Em entrevista ao jornal Courrier International, Françoise Choay* falou da reabilitação urbana dos
bairros históricos de Lisboa.

A Utopia de hoje é reencontrar o sentido do lugar

Para Françoise Choay, especialista de urbanismo, o sentido utópico não está morto. Não se trata já
de construir cidades imaginárias, mas de se reapropriar dos locais de vida, e do património. Para
inventar uma nova sociedade.

Na era da mundialização pode imaginar-se ainda uma utopia?


Françoise Choay – Não, se entendermos por utopia um estabelecimento fictício e fantástico, criado
pelo imaginário da técnica. Na verdade, pela primeira vez depois de Cyrano de Bergerac, com as
suas viagens na lua, ou então Henri-Jules Borie, com as suas pistas de aterragem sobre os imóveis
de Paris, ou então, mais perto de nós, o grupo Archigram, com a Plug-in-City, a cidade que
iluminamos como uma lâmpada, a realidade ultrapassa a ficção.
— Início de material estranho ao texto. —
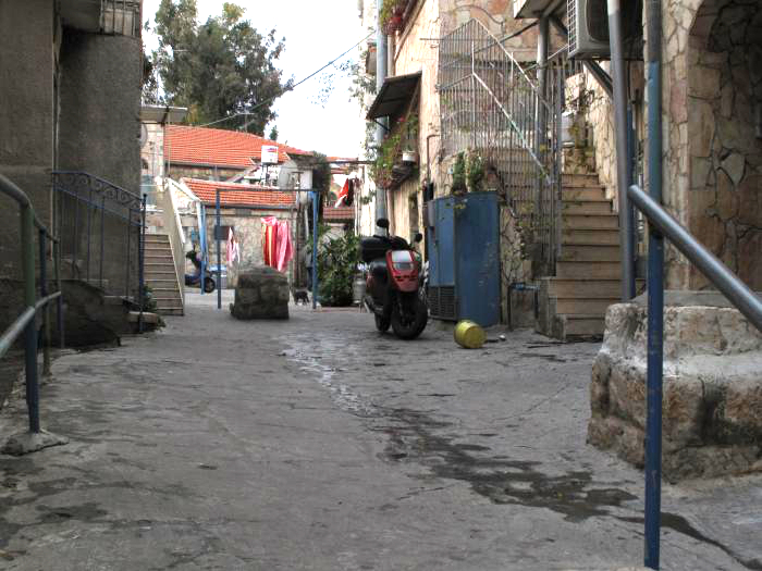 Jerusalem, Nahlaot, Rabbi Yaakov Bei Rav street

Em menos de cinquenta anos, a
electrónica e a telemática introduziram – com as memórias artificiais, as redes de transporte de
energia, os fluídos, a informação e as pessoas – uma revolução no nosso meio e nos nossos
comportamentos sem equivalente depois da sedentarização da nossa espécie.
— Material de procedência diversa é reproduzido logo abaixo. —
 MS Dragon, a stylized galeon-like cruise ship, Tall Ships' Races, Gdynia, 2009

Eis-nos então libertos dos preconceitos ancestrais próprios do género Homo sapiens sapiens: os
limites da nossa memória, a localização no espaço, a duração, as comunidades carnais e enraizadas,
às quais se substituem as comunidades virtuais da Internet. É o advento do Homo protheticus, o
homem das próteses, que Freud anunciava. Contudo, o lugar fica aberto às distopias, quer dizer, à
imaginação das catástrofes sociais susceptíveis de serem provocadas pelos fabulosos avanços
técnicos, a exemplo das descrições de Aldous Huxley no seu Admirável Mundo Novo. Penso, no
entanto, que a utopia no sentido original de Thomas More, continua não só possível, mas
necessária.

No entanto, More propunha uma cidade modelo, enquanto que a cidade de hoje está em vias
de desaparecimento
Certamente. A generalização do planeamento do nosso planeta por redes técnicas cada vez mais
activas marca o começo duma urbanização difusa e sem espartilhos físicos. Não são só as periferias
das cidades que se desenvolvem indefinidamente, como tornou-se possível estabelecer-se em
qualquer lugar, apoiando-se nas redes.

Esta lógica do apoio, signo do desaparecimento progressivo das diferenças entre cidades e campo,
em proveito de uma civilização mundial que pode chamar-se civilização do urbano...
Voltando a More, na utopia que ele nos legou (como em todas as que se seguiram até hoje),
encontra-se uma estrutura tripartida: a utopia fundamenta-se na crítica duma sociedade existente,
julgada má; propõe o estabelecimento de uma sociedade boa, que se lhe opõe ponto por ponto; e a
passagem da primeira à segunda exige a concepção de um espaço modelo construído (não
necessariamente uma cidade) que será o suporte obrigatório das novas instituições.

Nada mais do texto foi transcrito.